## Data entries
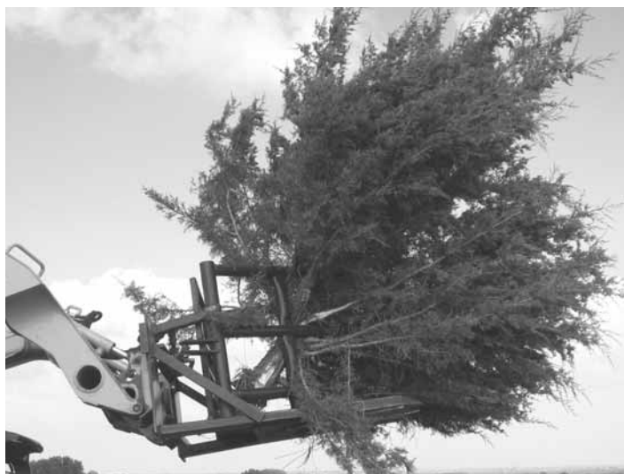
“V” Cutter allows you to cut trees and then haul them away thanks to its grapple arms.

Contact: FARM SHOW Followup, Mark Musser, 2361 E. 1950 Ave., Beecher City, Ill. 62414 (ph 618 487-5837).
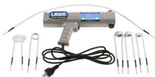
Heat Inductor Kit 7pc (Euro Plug) | 7504
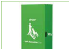
Storage Cabinet 6254-002-000
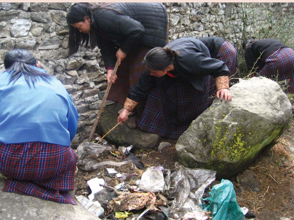
FIGURE 4 The proposed waste collection system could complement already ongoing efforts in garbage management: school girls at garbage cleanup day in Haa town.

Building on fluorescent bulb re-collection systems already in existence in the United States, through local governments and retail stores, a depot collection system is proposed for used fluorescent tube lights. While Bhutan and other mountainous developing countries lack the ease of road transport available in the US, it should be possible for them to benefit from similar collection systems, utilizing existing road and track networks, and local government infrastructure. A series of nested collection sites or depots is proposed: spent lights would be collected first at the village level, then at the county or geog level, then at the district or dzongkhag level, and finally transported to the capital, where the lights could be disposed of according to Bhutanese hazardous waste regulations, currently in development. Because the legal framework for handling hazardous and e-waste is yet to be finalized, transporting waste to Thimphu, the capital, will mean sending it to the landfill, in the short term. However, the Waste Management Act, expected to be enacted by the next session of Parliament, will provide more explicit legal guidance on the handling of hazardous and e-wastes.
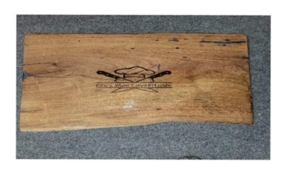
CUSTOM HANDMADE CUTTING BOARD BY HANNAH TAYLOR POST 593
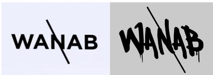
Fig 1. WANAB brand logo and graffiti style logo

The author designed a graffiti series LOGO full of graffiti characteristics according to the brand Fangyuan LOGO, and applied it to the brand's graffiti series fashion clothes.
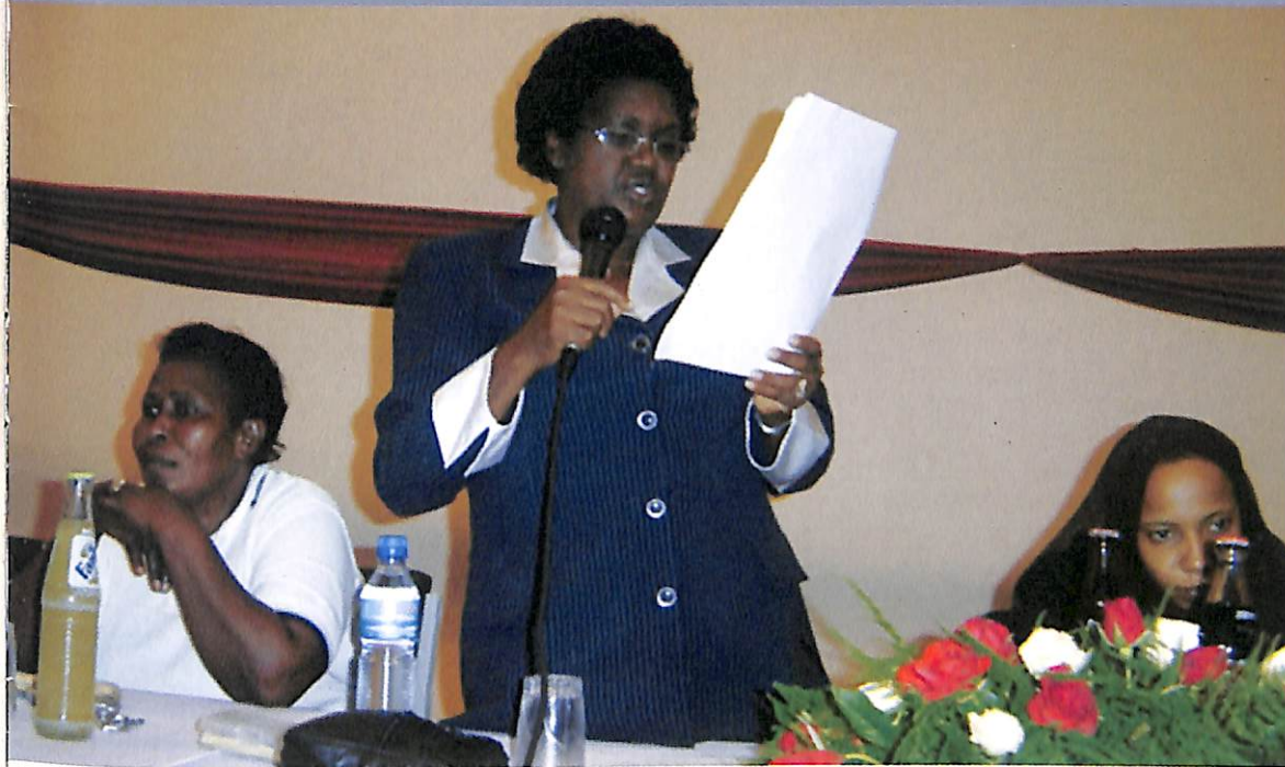
Director of Personnel and Administration officiates at IFM-SO Women's Day
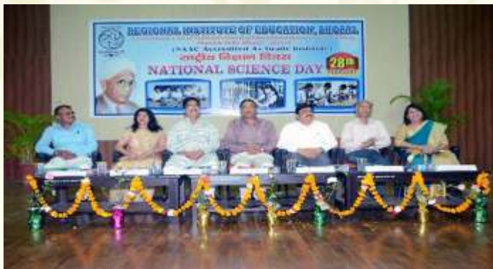
The chief guest and RIE faculty

and achievements of the great physicist.
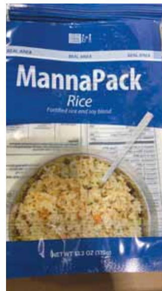
11,736 of the MannaPack rice packages were filled with rice, soy, vegetables and vitamins in the 3 day event. One package contains 6 meals so that is 70,416 meals..
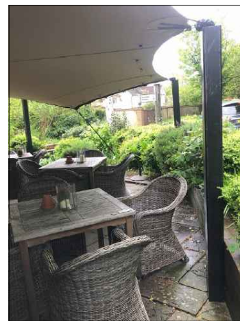
POST & TENT JUNCTION
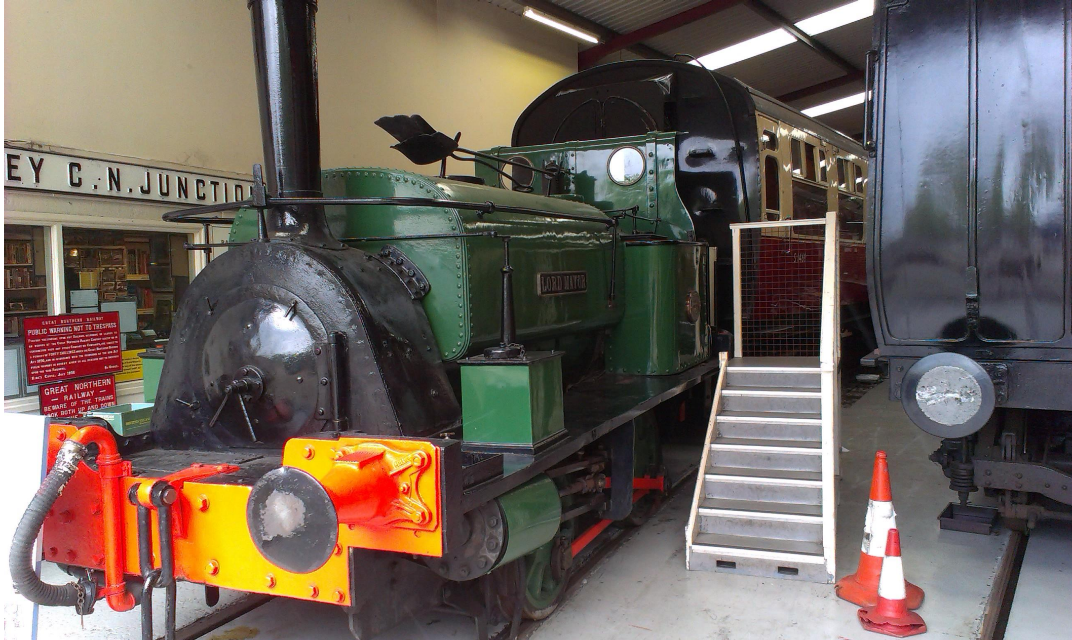
The Museum at Ingrow Station

## About this task
Filter the entries and keep only the lines holding "graffiti".

## The answer
Fig 1. WANAB brand logo and graffiti style logo
The author designed a graffiti series LOGO full of graffiti characteristics according to the brand Fangyuan LOGO, and applied it to the brand's graffiti series fashion clothes.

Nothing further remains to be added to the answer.